◆ **The task**: Once the pictures are removed, restate the data below word for word.

◆ **Supplied data**:

⁂

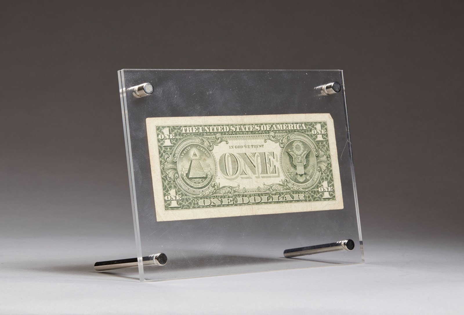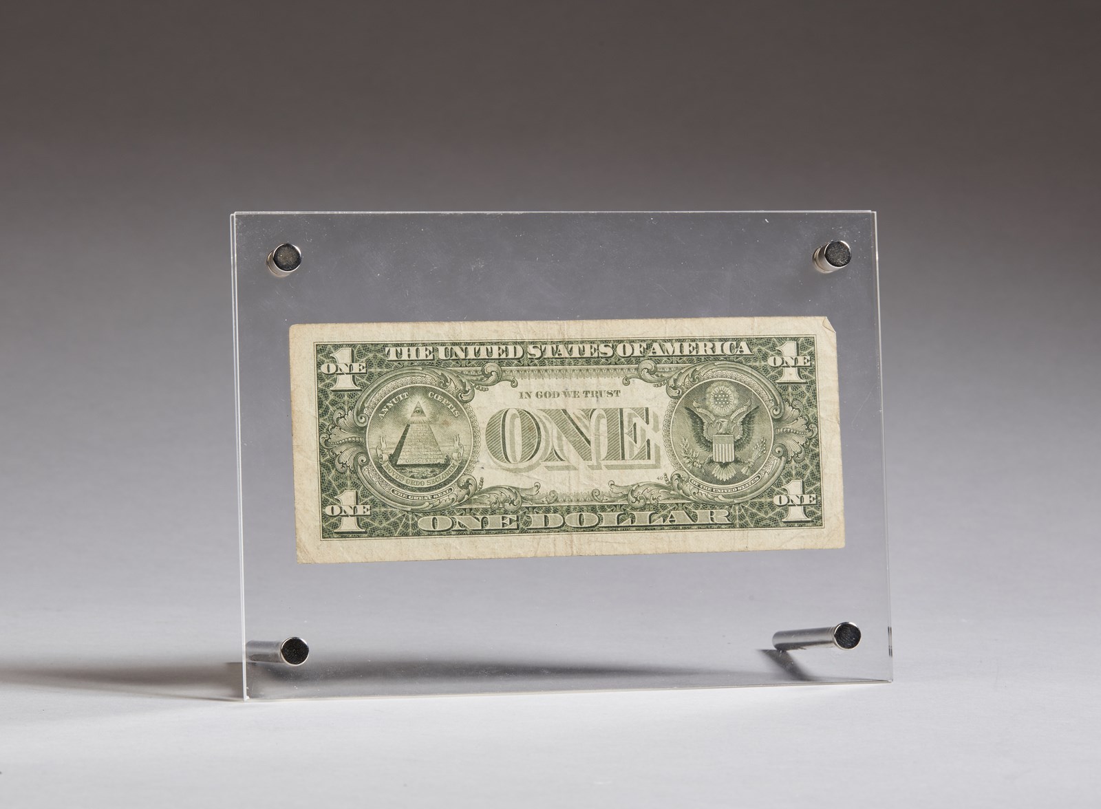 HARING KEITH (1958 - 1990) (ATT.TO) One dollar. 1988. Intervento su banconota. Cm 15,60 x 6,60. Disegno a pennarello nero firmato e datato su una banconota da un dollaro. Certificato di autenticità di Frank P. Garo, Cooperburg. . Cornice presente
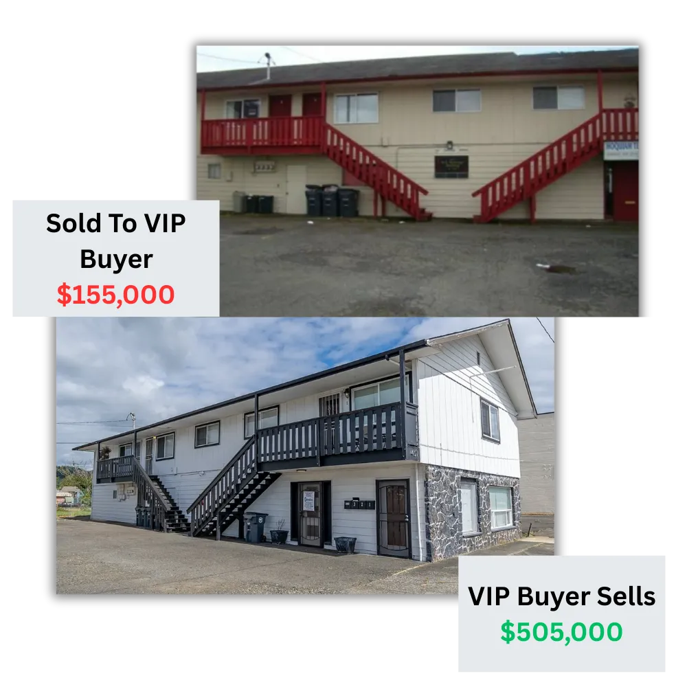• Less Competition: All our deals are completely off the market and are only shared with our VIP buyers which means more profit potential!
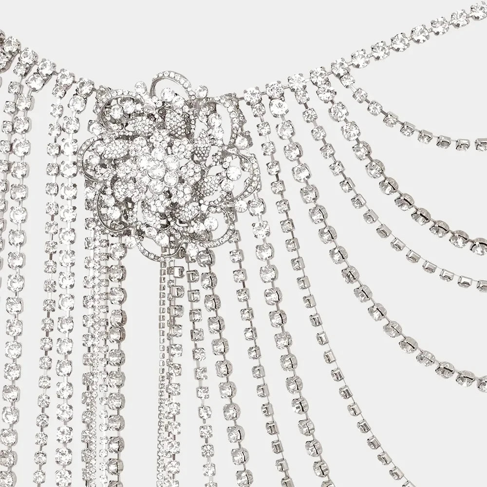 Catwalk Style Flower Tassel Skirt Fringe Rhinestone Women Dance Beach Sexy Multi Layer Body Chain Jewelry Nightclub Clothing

⁂

◆ **Written answer**:
 HARING KEITH (1958 - 1990) (ATT.TO) One dollar. 1988. Intervento su banconota. Cm 15,60 x 6,60. Disegno a pennarello nero firmato e datato su una banconota da un dollaro. Certificato di autenticità di Frank P. Garo, Cooperburg. . Cornice presente
• Less Competition: All our deals are completely off the market and are only shared with our VIP buyers which means more profit potential!
 Catwalk Style Flower Tassel Skirt Fringe Rhinestone Women Dance Beach Sexy Multi Layer Body Chain Jewelry Nightclub Clothing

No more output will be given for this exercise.